Extracted entries:

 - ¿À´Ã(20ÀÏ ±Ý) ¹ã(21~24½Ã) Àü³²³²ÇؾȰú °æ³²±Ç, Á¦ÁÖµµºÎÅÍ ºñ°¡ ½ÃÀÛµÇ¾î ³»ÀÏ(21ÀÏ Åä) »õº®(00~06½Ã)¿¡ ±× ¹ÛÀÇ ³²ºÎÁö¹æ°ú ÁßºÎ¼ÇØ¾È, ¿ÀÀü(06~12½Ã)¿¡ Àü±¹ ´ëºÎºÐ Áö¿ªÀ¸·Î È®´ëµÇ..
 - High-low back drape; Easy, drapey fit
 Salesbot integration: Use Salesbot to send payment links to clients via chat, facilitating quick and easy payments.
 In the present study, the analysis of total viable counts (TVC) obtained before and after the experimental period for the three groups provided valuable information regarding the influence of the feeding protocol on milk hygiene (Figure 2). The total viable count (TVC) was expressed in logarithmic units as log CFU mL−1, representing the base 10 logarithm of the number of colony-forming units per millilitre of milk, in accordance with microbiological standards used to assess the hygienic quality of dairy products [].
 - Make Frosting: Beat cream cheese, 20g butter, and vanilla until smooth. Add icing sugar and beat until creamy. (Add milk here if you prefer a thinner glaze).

==

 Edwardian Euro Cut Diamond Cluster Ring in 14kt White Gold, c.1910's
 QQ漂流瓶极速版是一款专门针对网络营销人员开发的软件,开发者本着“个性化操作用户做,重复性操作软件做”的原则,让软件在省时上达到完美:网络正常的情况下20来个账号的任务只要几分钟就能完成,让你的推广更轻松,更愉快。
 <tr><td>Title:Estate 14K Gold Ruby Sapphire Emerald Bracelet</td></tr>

Your instructions: For the entries shown above, give the number of lines that include the word "milk", without any other text.

Worked solution: 2